Muokkaa

Jaa


Azure Virtual Network Manager FAQ

This article answers frequently asked questions about Azure Virtual Network Manager.

General

Which Azure regions support Azure Virtual Network Manager?

For current information about region support, refer to Products available by region.

Note

All regions have availability zones, except France Central.

What are common use cases for Azure Virtual Network Manager?

  • You can create network groups to meet the security requirements of your environment and its functions. For example, you can create network groups for your production and test environments to manage their connectivity and security rules at scale.

    For security rules, you can create a security admin configuration with two collections. Each collection is targeted on your production and test network groups, respectively. After deployment, this configuration enforces one set of security rules for network resources for your production environment and one set for your test environment.

  • You can apply connectivity configurations to create a mesh or a hub-and-spoke network topology for a large number of virtual networks across your organization's subscriptions.

  • You can deny high-risk traffic. As an administrator of an enterprise, you can block specific protocols or sources that override any network security group (NSG) rules that would normally allow the traffic.
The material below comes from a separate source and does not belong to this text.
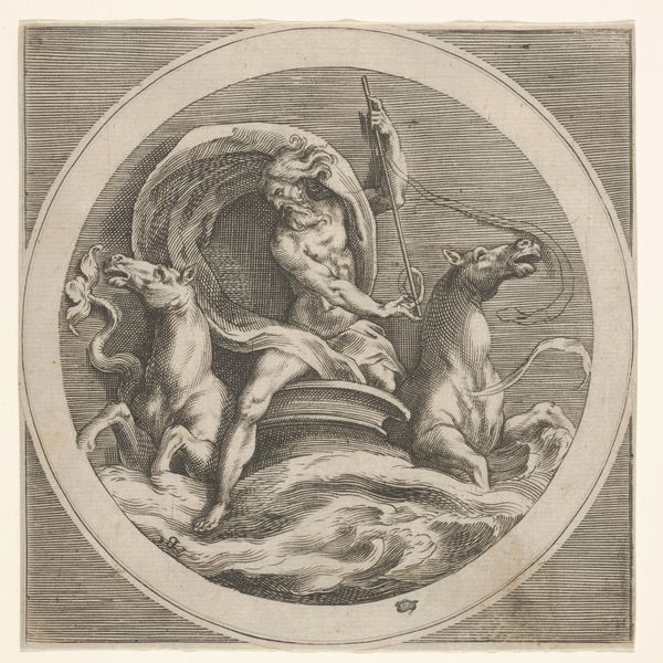 Jacob Matham created this engraving, "Lucht (Aer)," around the turn of the 17th century. The composition is immediately striking, presenting an allegorical figure of air amidst a flurry of avian life, all encased within an ornate, oval frame. The figure reclines on billowing clouds, a symbol of the element itself, with various birds populating the scene. A peacock offered by the figure stands out, its plumage a sign of vanity and pride, attributes often associated with the intangible nature of air. The detailed hatching technique used to create the varying tones and textures gives a tangible form to the unseen. The artwork challenges fixed meanings. The subject’s androgynous features, combined with the symbolic birds, destabilize established categories of gender and nature, engaging with emerging Renaissance ideas about the mutability of the world. The visual elements, from the billowing clouds to the poised birds, work together, inviting continuous re-interpretation.

  • You can always allow traffic. For example, you might permit a specific security scanner to always have inbound connectivity to all your resources, even if NSG rules are configured to deny the traffic.

What's the cost of using Azure Virtual Network Manager?

Azure Virtual Network Manager charges are based on the number of subscriptions that contain a virtual network with an active Virtual Network Manager configuration deployed onto it. Also, a charge for peering applies to the traffic volume of virtual networks that are managed by a deployed connectivity configuration (either mesh or hub-and-spoke).

You can find current pricing for your region on the Azure Virtual Network Manager pricing page.

How do I deploy Azure Virtual Network Manager?

You can deploy and manage an Azure Virtual Network Manager instance and configurations through various tools, including:

Technical

Can a virtual network belong to multiple Azure Virtual Network Manager instances?

Yes, a virtual network can belong to more than one Azure Virtual Network Manager instance.

Can spoke VNets be connected to a VWAN hub while in a mesh topology so that those spoke VNets can communicate directly?

Yes, spoke VNets can connect to VWAN hubs while in the mesh group. Those VNets in the mesh group have direct connectivity.

Will operations to the IP prefixes in VNETs that are a part of the Azure Virtual Network Manager mesh propagate automatically?

VNets in mesh are automatically in sync. IP prefixes will be updated automatically. This means that traffic within the mesh will work even after there are changes in IP prefixes in VNets in the mesh.

How do I verify a mesh topology is configured and applied?"?

Please refer to the documentation How to view applied configurations. A mesh topology is not a VNet peering, so you cannot see mesh connectivity in peering.

What happens if the region where the Azure Virtual Network Manager is created is down? Does it affect deployed configurations or only prevent configuration changes?

Only the ability to change configurations will be impacted. Once Azure Virtual Network Manager has programmed the configuration after you commit the configuration, it will continue to operate. For example, if the Azure Virtual Network Manager instance is created in region 1 and the mesh topology is established in region 2, the mesh in region 2 will continue to function even if region 1 becomes unavailable.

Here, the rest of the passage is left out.